This article originally appeared in The Madtech Brief, our second print edition of 2019.

Madtech 200The technology of the day is of vital importance to marketers. It doesn’t just define how we make what we sell, it defines how we connect with those we sell to. Modern marketing has only been around for a little over 100 years.

What many believe to be the first academic course in marketing appeared at the University of Michigan in 1902, perfectly timed for revolutions, first in transport then in mass communications. The immediacy and intimacy of radio joined newspapers and, shortly after, TV was added to create the perfect cohort of mass production and mass communication. Communications technology created modern marketing.

Marketing used to pride itself on being a profession which had a tight grip on its tools of trade. Marketers knew how to use them, to the point at which being able to understand the art of media was what made you a marketer. In some ways marketing was a commercial guild, members of which knew things few any in other industries understood. On the top of that list were the modern forms of communications. Talking to and persuading consumers through mainstream media was where the game was won and lost. In the TV mass media era of marketing, the gig was mostly about advertising – your job was to sell what the company could make, rather than make something it could sell.

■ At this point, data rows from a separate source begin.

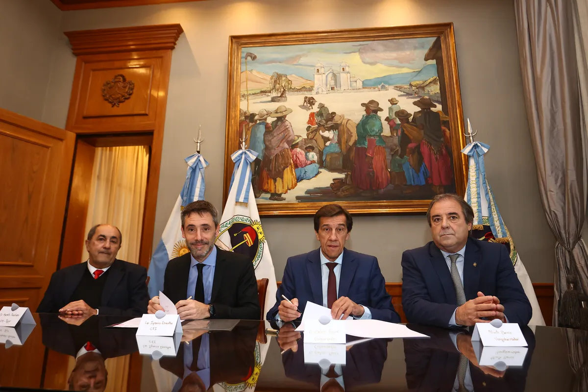 La rúbrica se concretó en el Salón Fascio de Casa de Gobierno, con el acompañamiento del vicegobernador, Alberto Bernis, y el titular del CFI en la provincia, Marcelo Abraham, además de los integrantes del equipo técnico del organismo que arribó a Jujuy.
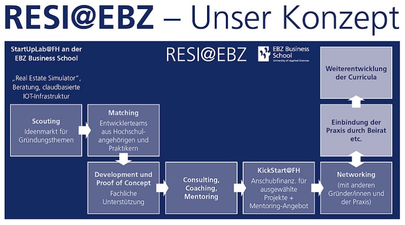 Die EBZ Business School (FH) leistet hier Unterstützung: An der Immobilienhochschule entsteht eine Gründungsförderung, die gründungswillige Studierende mit vielversprechenden Ideen fördert und mit immobilienwirtschaftlichen Unternehmen zusammenbringt. Das Bundesministerium für Forschung und Bildung fördert RESI@EBZ im Rahmen des Programms „Forschung an Fachhochschulen“ mit der Maßnahme „StartUpLab@FH“ über eine Laufzeit von vier Jahren mit insgesamt 1,2 Millionen Euro.
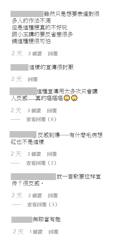 儘管事情演變至此,網友們已紛紛理解到這一切都是為了「新作品」所做的鋪陳,但仍有許多人認為這樣的「套路」安排不是很妥當,甚至直言「雖然只是想要表達對很多人的作法不滿,但是這種梗真的不好玩」「這種宣傳用太多次只會讓人反感…」「就一首歌要這樣宣傳?很反感。」,似乎因著這樣極端的操作方式而造成了反效果。
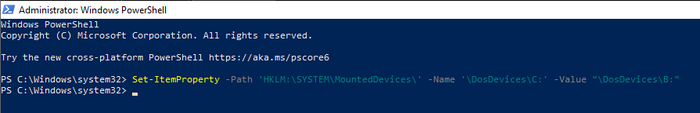 Вот так так. Оказывается, Майкрософт уже использует диск А: для загрузчика. То есть занять эту букву на этапе загрузки ядра мы не сможем. Ладно, давайте хотя бы попробуем изменить имя раздела на В:
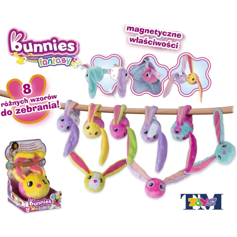 Słodkie króliczki Bunnies zapraszają do zabawy! Dzięki magnetycznym właściwościom możesz łączyć je na różne sposoby :uszkami, buźkami i ogonkami! Zaczep króliczki gdzie tylko zechcesz - do plecaka, spodni, na rękę, włosy i zbierz całą kolekcję! Dla dzieci w wieku od 12 miesięcy

Given the consumer-centricity of marketing, TV was a technological gift that most big companies adopted early. The perfect fit for selling to the masses. Only the biggest firms could afford to advertise. Only the biggest firms made things most people needed, or should we say, could be convinced they needed. Commercials for cars, groceries, travel and finance blasted into every loungeroom 30 seconds at a time. The post-World War II era was like an oil well for marketers. Those who tapped into it had flowing profits for half a century. The biggest brands the world had ever seen were built on this single platform. If you made a product that most people would consume, you could work at a scale that others could not.

The ideas of ‘mass’ led to the emergence of the TV industrial complex. Mass manufacturing produced low mass market prices, which led to distribution in mass market retailers, which could justify mass market advertising. The more you made, the cheaper the products became, the more big brands could advertise, creating a virtuous circle. A shampoo strategy if you like – rinse and repeat. The focus of big brands was really all about big media. ‘Niche’ barely existed. It was one-size-fits-all, funded by marketers who had access to – and quasi-control of – consumer attention. It was a very tactical game of ideas, taglines and incremental change. New bumper bars on what was essentially the same car became an all-important launch campaign for next year.

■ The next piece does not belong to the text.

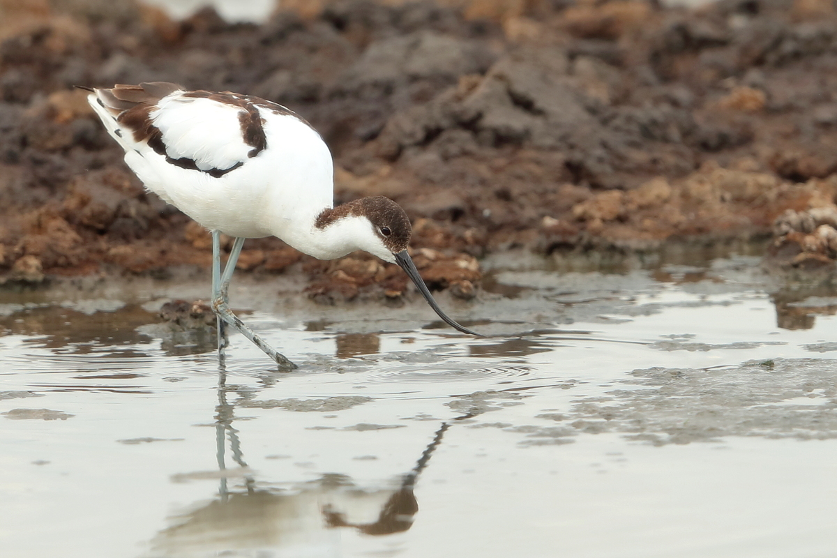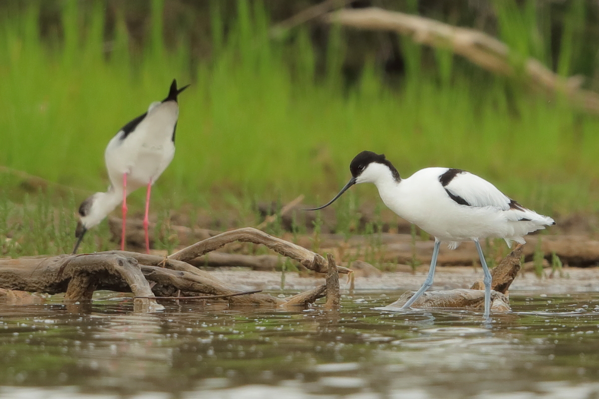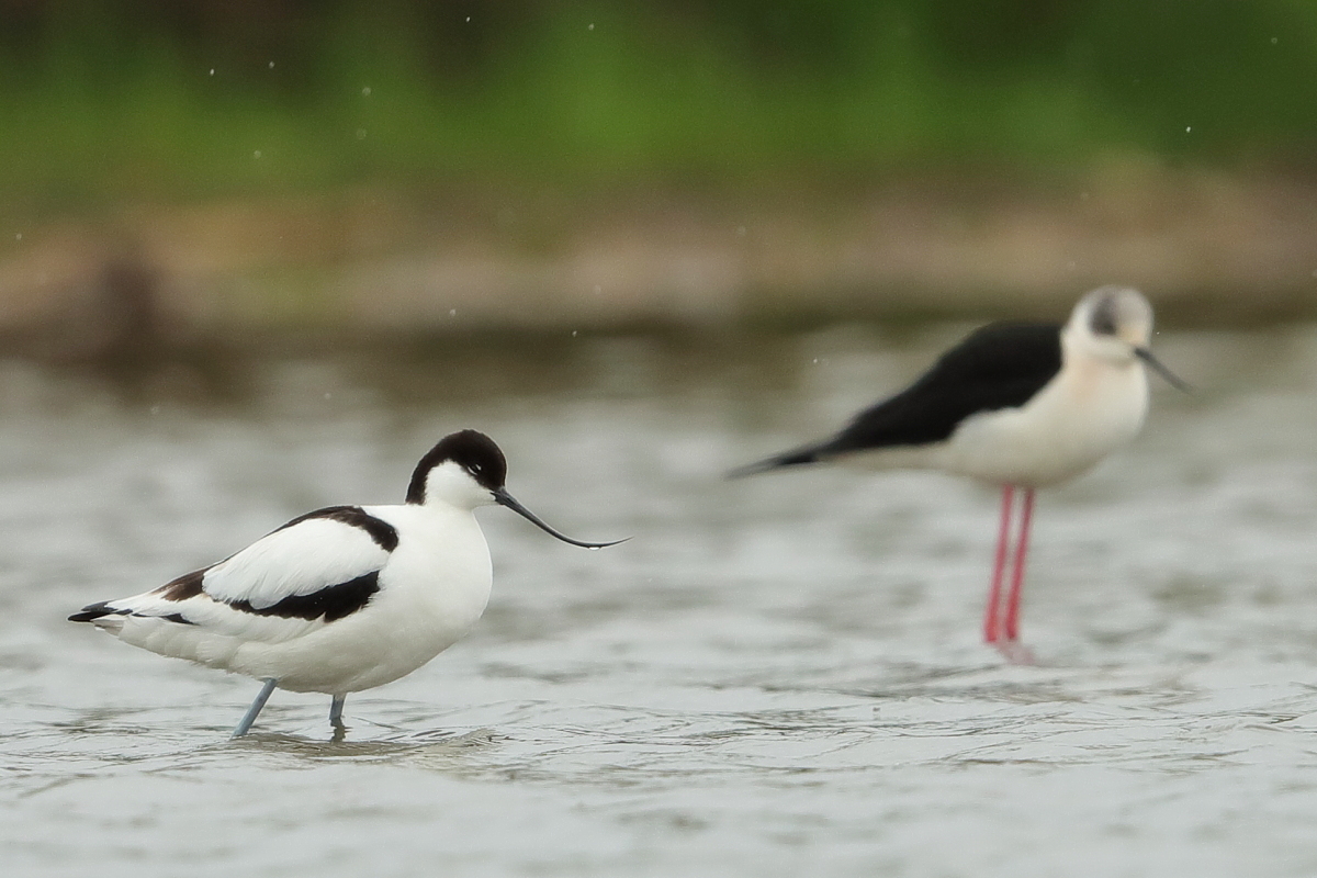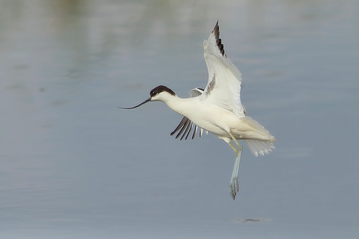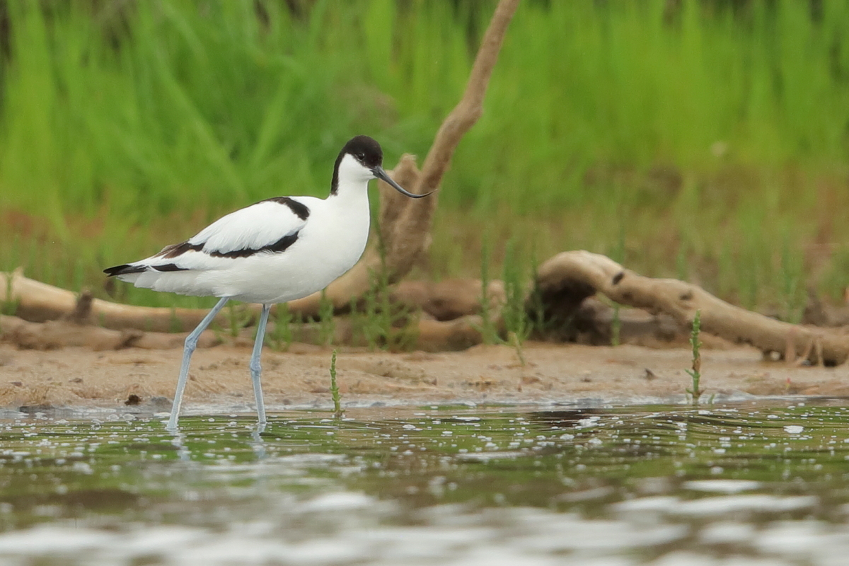 It occurs on the coasts of Europe and Asia most frequently. In Poland, an extremely rare visitor, though more and more often their hatching is said to be seen in our country. The pictures were taken in the Netherlands within the midday break in shooting the baillon’s crake. After a short conversation with the Dutch bird-watchers it was clear that pied avocets can be easily shot not so far away on the coast. They were not many there, probably less than 10 individuals living beside the colony of black-headed gulls and sandwich terns. They were not afraid of us and allowed to take pictures without camouflaging. Light was the biggest problem as it was a sunny cloudless day. We waited a few hours for better light conditions in the afternoon. Also the audio recording was a big trouble. Pied avocets could be heard occasionally, but colony of gulls and terns were active and noisy all the time, and they were in number of hundreds of individuals. To make matters worse we could hear the noise of civilization, and finally paramotor put an end to the audio recording. I hope to have one more opportunity to exchange this imperfect, short audio recording for a better one in the future, but for now it is like that . Pied avocets reach a weight of 0.4 kilogram, and their wingspan is less than 80 centimeters. In the case of these birds their height is also worth pointing, as it is about 0.5 meters. Avocet in fact belongs to the stilt family, Recurvirostridae, and their legs so long are specific of the family of those birds. Despite quite low weight their figure is rather tall.

Indeed, media and marketing had a cosy little relationship. The biggest annual budget for any company worth its salt was the advertising it put behind its brands. Huge sums of money were endowed as marketers at large companies pulled the old media levers. Few people outside the realm of advertising and marketing had their heads around the tricks and tactics of the mass marketing playbook. Advertising became a curiosity within the population. TV shows about advertising – ironically wedged between advertising – arrived at the end of ‘peak TV’ providing analysis and explanation of the games marketers were playing with our minds and wallets.

It all worked beautifully until some inconsiderate technologists invented a bunch of new tools which changed everything forever. Very quickly the marketer’s communication tool box went from the powerful few to the fragmented many. We had to learn where to find our audience as the number of free media channels exploded from dozens to billions. At first, the transition wasn’t really that difficult. Marketers had to add some knowledge of social media, pay per click and various Web 2.0 properties. But that was when the web was slow and few people had it in their pockets. Now marketing will never be the same again.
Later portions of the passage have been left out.